··· Data under study ···
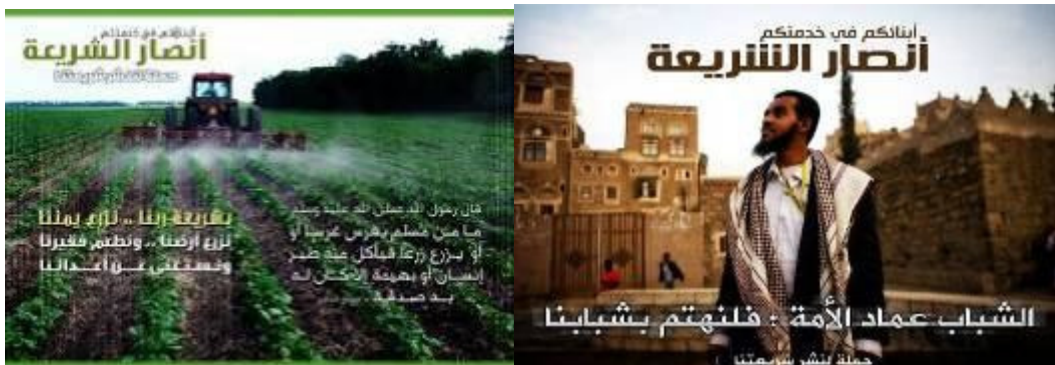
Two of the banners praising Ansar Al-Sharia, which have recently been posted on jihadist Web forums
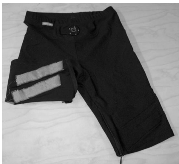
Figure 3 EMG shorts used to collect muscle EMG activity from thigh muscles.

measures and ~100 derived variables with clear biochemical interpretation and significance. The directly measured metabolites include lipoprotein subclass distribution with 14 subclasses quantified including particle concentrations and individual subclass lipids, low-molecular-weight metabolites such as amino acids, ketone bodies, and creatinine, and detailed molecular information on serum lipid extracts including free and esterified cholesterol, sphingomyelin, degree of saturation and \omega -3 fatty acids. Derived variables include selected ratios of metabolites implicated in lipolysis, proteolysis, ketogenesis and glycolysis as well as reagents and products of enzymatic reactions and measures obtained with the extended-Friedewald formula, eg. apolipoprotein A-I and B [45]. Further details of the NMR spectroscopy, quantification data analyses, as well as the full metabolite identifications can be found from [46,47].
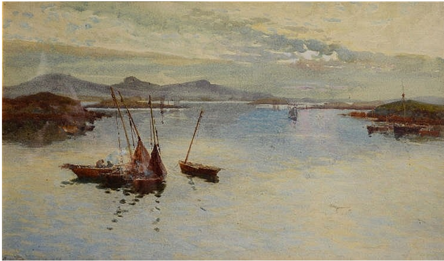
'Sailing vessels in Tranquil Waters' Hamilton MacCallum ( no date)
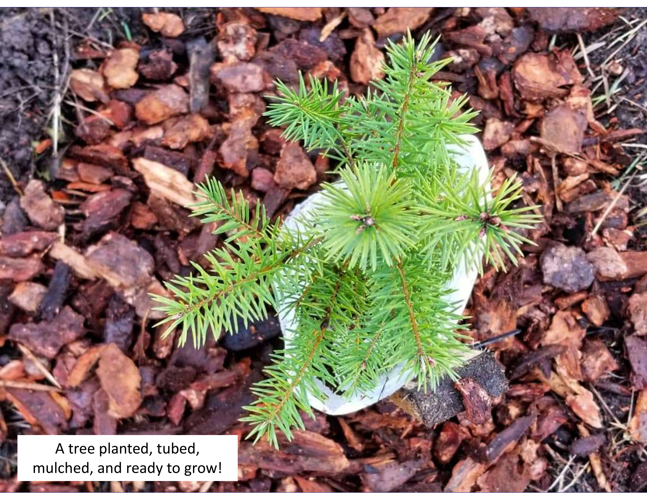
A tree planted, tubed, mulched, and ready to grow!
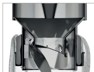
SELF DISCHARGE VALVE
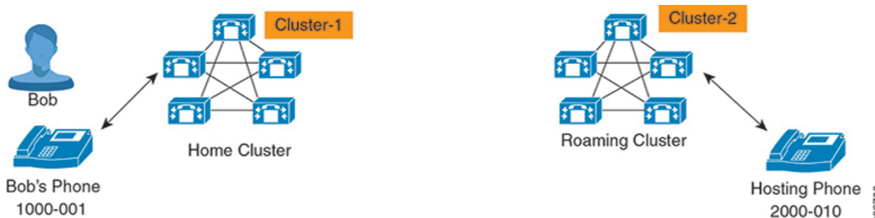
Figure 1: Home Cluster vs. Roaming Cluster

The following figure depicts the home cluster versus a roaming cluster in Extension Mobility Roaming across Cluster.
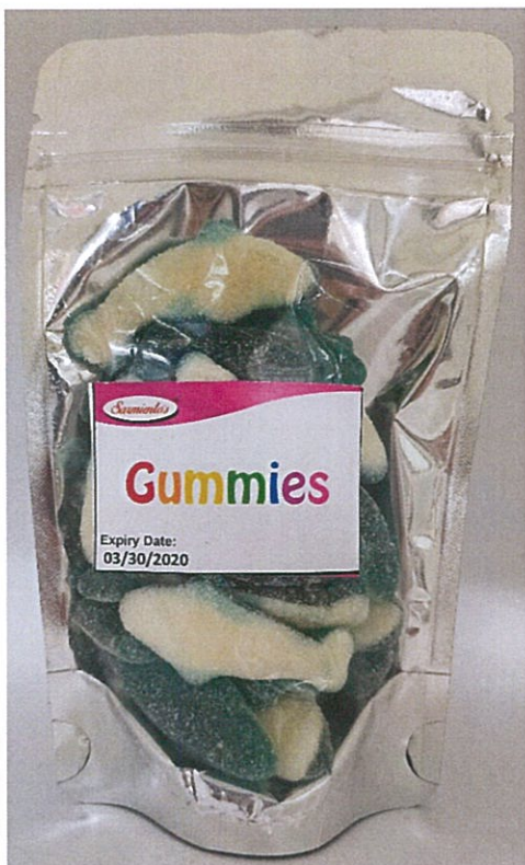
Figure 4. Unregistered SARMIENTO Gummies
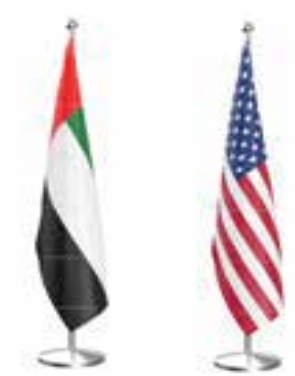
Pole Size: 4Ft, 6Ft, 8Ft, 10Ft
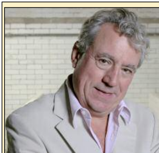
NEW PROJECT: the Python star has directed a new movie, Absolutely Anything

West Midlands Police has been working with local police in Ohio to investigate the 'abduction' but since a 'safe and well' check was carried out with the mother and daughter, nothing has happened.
···
» **Your goal**:
Would you write out the material above in full, exactly as given, except for its pictures?

» **Task answer**:
Two of the banners praising Ansar Al-Sharia, which have recently been posted on jihadist Web forums
Figure 3 EMG shorts used to collect muscle EMG activity from thigh muscles.

measures and ~100 derived variables with clear biochemical interpretation and significance. The directly measured metabolites include lipoprotein subclass distribution with 14 subclasses quantified including particle concentrations and individual subclass lipids, low-molecular-weight metabolites such as amino acids, ketone bodies, and creatinine, and detailed molecular information on serum lipid extracts including free and esterified cholesterol, sphingomyelin, degree of saturation and \omega -3 fatty acids. Derived variables include selected ratios of metabolites implicated in lipolysis, proteolysis, ketogenesis and glycolysis as well as reagents and products of enzymatic reactions and measures obtained with the extended-Friedewald formula, eg. apolipoprotein A-I and B [45]. Further details of the NMR spectroscopy, quantification data analyses, as well as the full metabolite identifications can be found from [46,47].
'Sailing vessels in Tranquil Waters' Hamilton MacCallum ( no date)
A tree planted, tubed, mulched, and ready to grow!
SELF DISCHARGE VALVE
Figure 1: Home Cluster vs. Roaming Cluster

The following figure depicts the home cluster versus a roaming cluster in Extension Mobility Roaming across Cluster.
Figure 4. Unregistered SARMIENTO Gummies
Pole Size: 4Ft, 6Ft, 8Ft, 10Ft
NEW PROJECT: the Python star has directed a new movie, Absolutely Anything

West Midlands Police has been working with local police in Ohio to investigate the 'abduction' but since a 'safe and well' check was carried out with the mother and daughter, nothing has happened.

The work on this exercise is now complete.